─── Input data

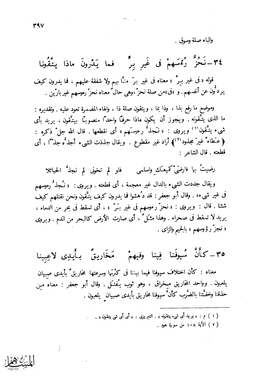 (نحُزُّ رُءُوسهم في غَيرِ بِرٍّ ... فما يدرونَ ماذا يتَّقُونا)
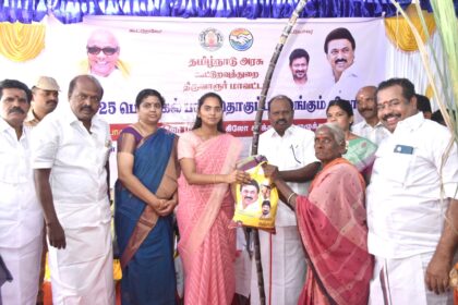 மாற்றுத்திறனாளிகள் நலத்துறை சார்பாக, 10 மாற்றுத்திறனாளிகளுக்கு, ரூ.2 இலட்சத்து 63 ஆயிரத்து 872 மதிப்பில் மின்கலம் பொருத்தப்பட்ட சக்கர நாற்காலிகள் மற்றும் இலவச தையல் இயந்திரங்களை மாவட்ட ஆட்சித்தலைவர் .ச.தினேஷ் குமார் , அவர்கள் வழங்கினார்.
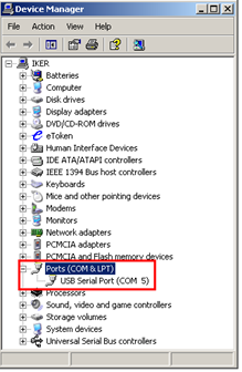 To make sure the drivers are correctly loaded, open the "Device Manager" and look for a COM port under "Ports (COM & LPT)":
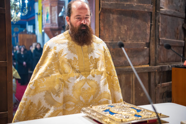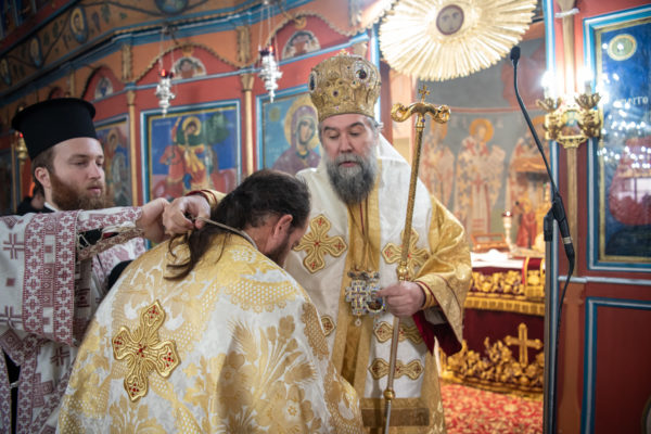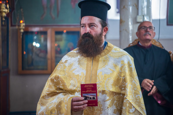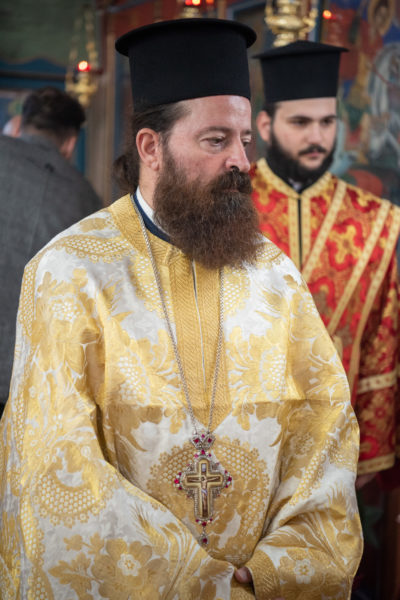 Τέλος, οΣεβασμιώτατος απένειμε το οφφίκιο του Σταυροφόρου Οικονόμου στον καλό εφημέριο του ιερού Ναού, π. Αλκιβιάδη Ζιώγαεπαινώντας με αυτό τον τρόπο την καρποφόρο ιερατική του διακονία, την κατά πάντα φιλότιμη ανάληψη και εκ πάσης επόψεως άριστη περάτωση του ιερού έργου της ανακαινίσεως του ιερού Ναού Αγ. Δημητρίου, αλλά και του συνεχούς εσωτερικού και εξωτερικού ευπρεπισμού του, όσο και τον ευγενέστατο λαό της Αρεθούσης, ο οποίος διά του ευλογημένου οικονομικού υστερήματος και του συγκινητικού ψυχικού περισσεύματός του στηρίζει πάντοτε όλα τα έργα της Εκκλησίας.

──────

Your assignment: Write the listing above out again word for word, excluding all images.

Output:
 (نحُزُّ رُءُوسهم في غَيرِ بِرٍّ ... فما يدرونَ ماذا يتَّقُونا)
 மாற்றுத்திறனாளிகள் நலத்துறை சார்பாக, 10 மாற்றுத்திறனாளிகளுக்கு, ரூ.2 இலட்சத்து 63 ஆயிரத்து 872 மதிப்பில் மின்கலம் பொருத்தப்பட்ட சக்கர நாற்காலிகள் மற்றும் இலவச தையல் இயந்திரங்களை மாவட்ட ஆட்சித்தலைவர் .ச.தினேஷ் குமார் , அவர்கள் வழங்கினார்.
 To make sure the drivers are correctly loaded, open the "Device Manager" and look for a COM port under "Ports (COM & LPT)":
 Τέλος, οΣεβασμιώτατος απένειμε το οφφίκιο του Σταυροφόρου Οικονόμου στον καλό εφημέριο του ιερού Ναού, π. Αλκιβιάδη Ζιώγαεπαινώντας με αυτό τον τρόπο την καρποφόρο ιερατική του διακονία, την κατά πάντα φιλότιμη ανάληψη και εκ πάσης επόψεως άριστη περάτωση του ιερού έργου της ανακαινίσεως του ιερού Ναού Αγ. Δημητρίου, αλλά και του συνεχούς εσωτερικού και εξωτερικού ευπρεπισμού του, όσο και τον ευγενέστατο λαό της Αρεθούσης, ο οποίος διά του ευλογημένου οικονομικού υστερήματος και του συγκινητικού ψυχικού περισσεύματός του στηρίζει πάντοτε όλα τα έργα της Εκκλησίας.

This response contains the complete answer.